* _Work to complete_
Exact copies of the lines below are the goal; any images in them are dropped.

* _Data section_
-- Opening Marker --

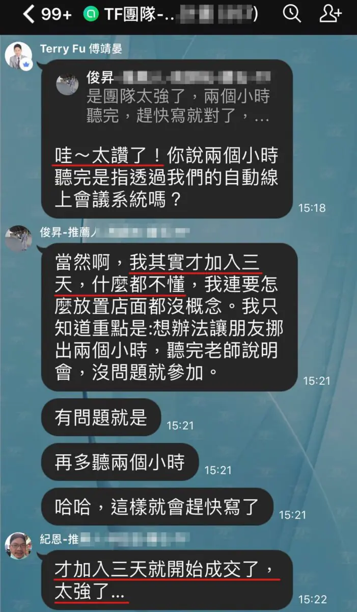老師經常線上講課,學習過老師的課程系統的人,很多人熱情回饋,他們透過網路賺錢,增加很多收入,改善了經濟狀況。財務更自由,家庭更幸福。
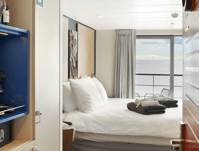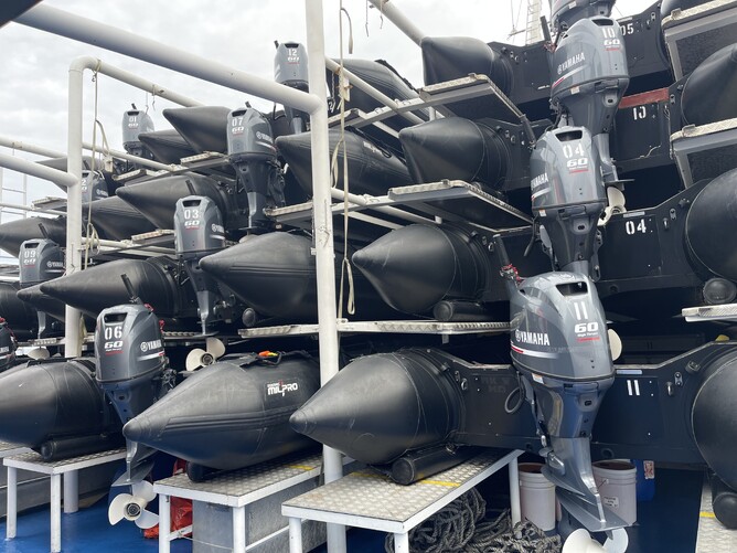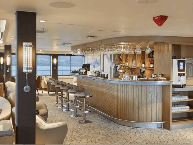 [From the website: "The ship features a glass-enclosed observation lounge and presentation room with state-of-the-art audio-visual equipment, a spacious and stylish dining room, a well-stocked bar, a library, a meeting room, a gym, a sauna, and a medical clinic. The forward-facing observation deck leads to the ship’s bow, which is accessible to guests to offer proximity to marine wildlife. The ship has a fleet of 10 Zodiac boats that are well suited for disembarking and wildlife watching.
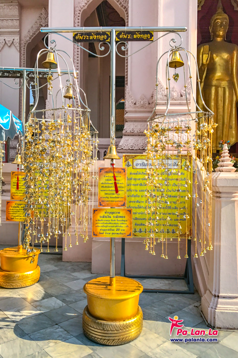 เชื่อกันว่าอานิสงส์จากการถวายระฆังจะทำให้มีชื่อเสียง ทำสิ่งใดก็เจริญก้าวหน้า มีความจำดีและอายุยืน (รูปซ้าย) หลวงพ่อพระพุทธไสยาสน์องค์ใหญ่ (รูปขวา)
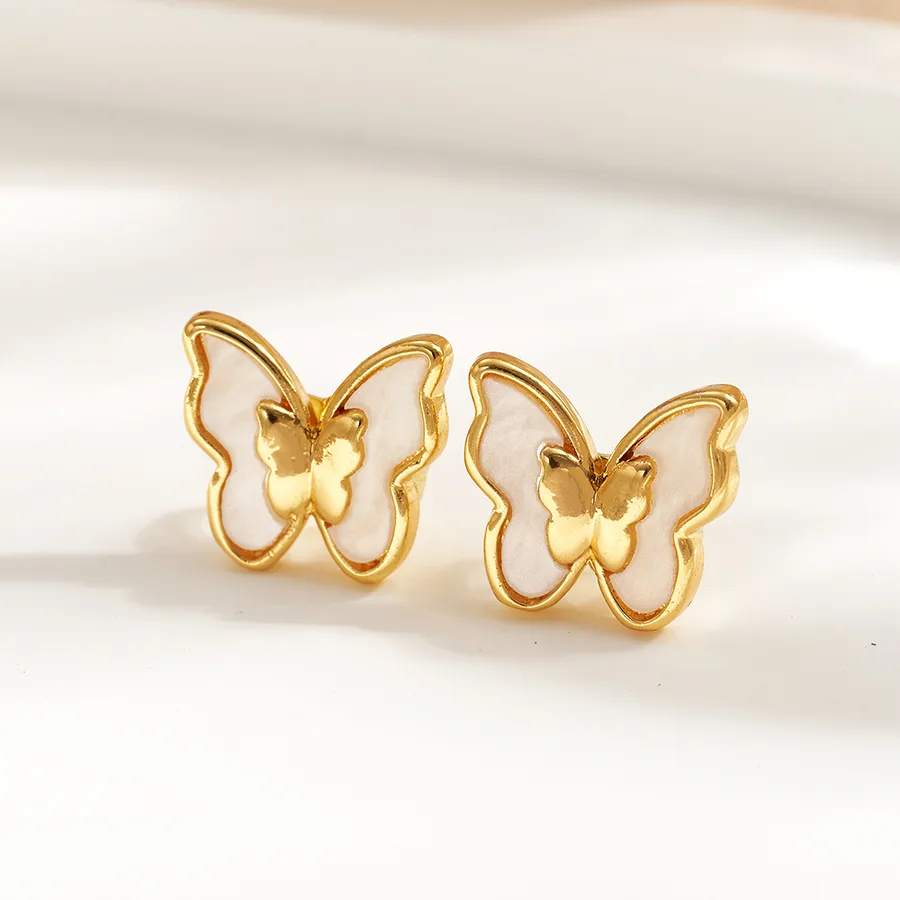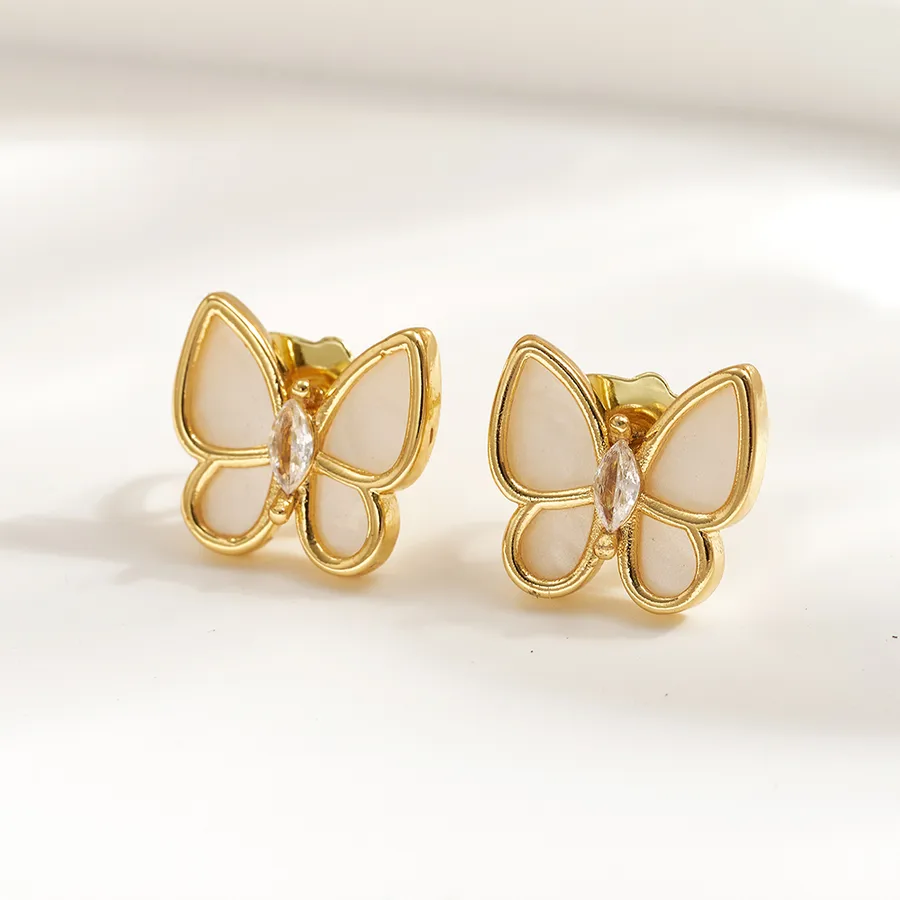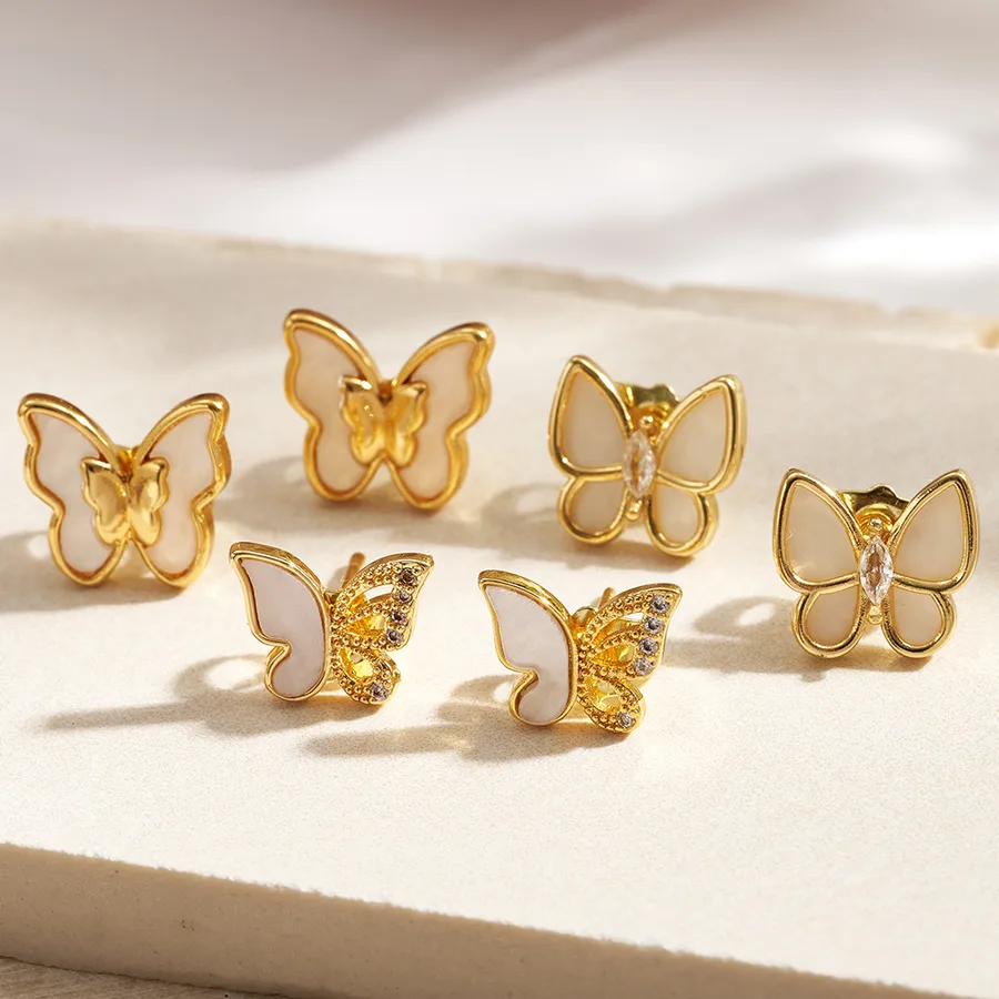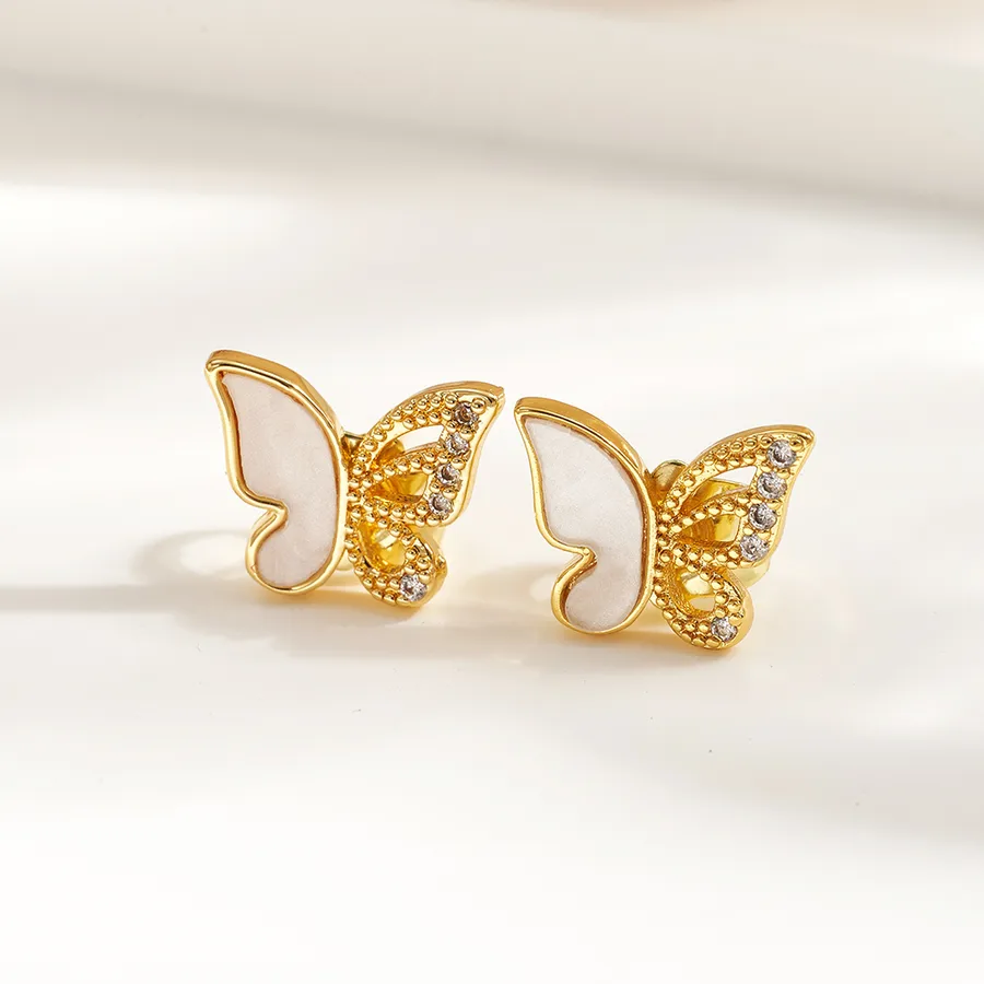 Casual Style 18K Gold Plated Copper Color Retention Electroplated Zircon Shell Butterfly Polished Claw Setting Earrings
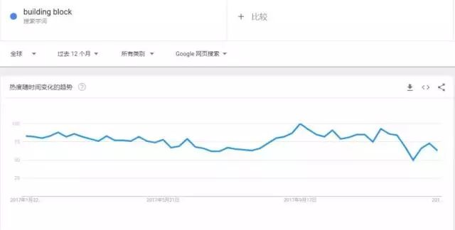 Building Block积木这个词在谷歌趋势上的搜索热度一直高居不下,远超其他玩具产品,而且基本没有低潮期。
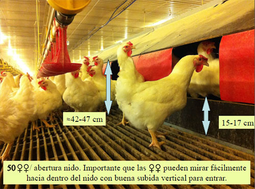 Si a las gallinas reproductoras les gusta el nido, harán todo lo posible para entrar. A fin de cuentas eso es lo más importante.
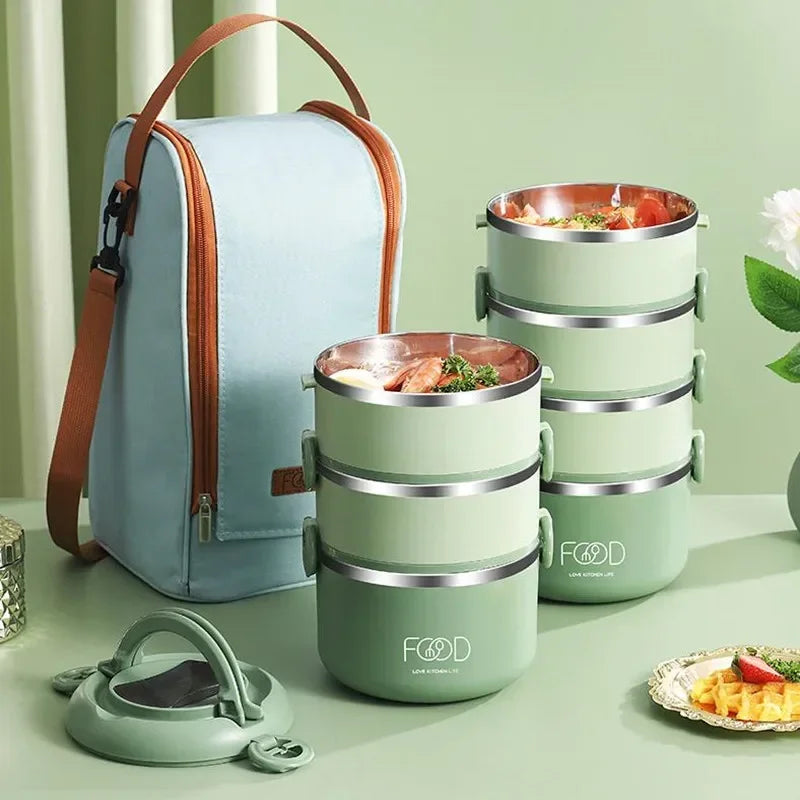 3/4Layer Portable Insulated Lunch Bucket Office Student Stainless Steel Lunch Box Microwave Oven Heating Large Capacity Bento Box

-- Closing Marker --

* _Solved problem_
老師經常線上講課,學習過老師的課程系統的人,很多人熱情回饋,他們透過網路賺錢,增加很多收入,改善了經濟狀況。財務更自由,家庭更幸福。
 [From the website: "The ship features a glass-enclosed observation lounge and presentation room with state-of-the-art audio-visual equipment, a spacious and stylish dining room, a well-stocked bar, a library, a meeting room, a gym, a sauna, and a medical clinic. The forward-facing observation deck leads to the ship’s bow, which is accessible to guests to offer proximity to marine wildlife. The ship has a fleet of 10 Zodiac boats that are well suited for disembarking and wildlife watching.
 เชื่อกันว่าอานิสงส์จากการถวายระฆังจะทำให้มีชื่อเสียง ทำสิ่งใดก็เจริญก้าวหน้า มีความจำดีและอายุยืน (รูปซ้าย) หลวงพ่อพระพุทธไสยาสน์องค์ใหญ่ (รูปขวา)
 Casual Style 18K Gold Plated Copper Color Retention Electroplated Zircon Shell Butterfly Polished Claw Setting Earrings
 Building Block积木这个词在谷歌趋势上的搜索热度一直高居不下,远超其他玩具产品,而且基本没有低潮期。
 Si a las gallinas reproductoras les gusta el nido, harán todo lo posible para entrar. A fin de cuentas eso es lo más importante.
 3/4Layer Portable Insulated Lunch Bucket Office Student Stainless Steel Lunch Box Microwave Oven Heating Large Capacity Bento Box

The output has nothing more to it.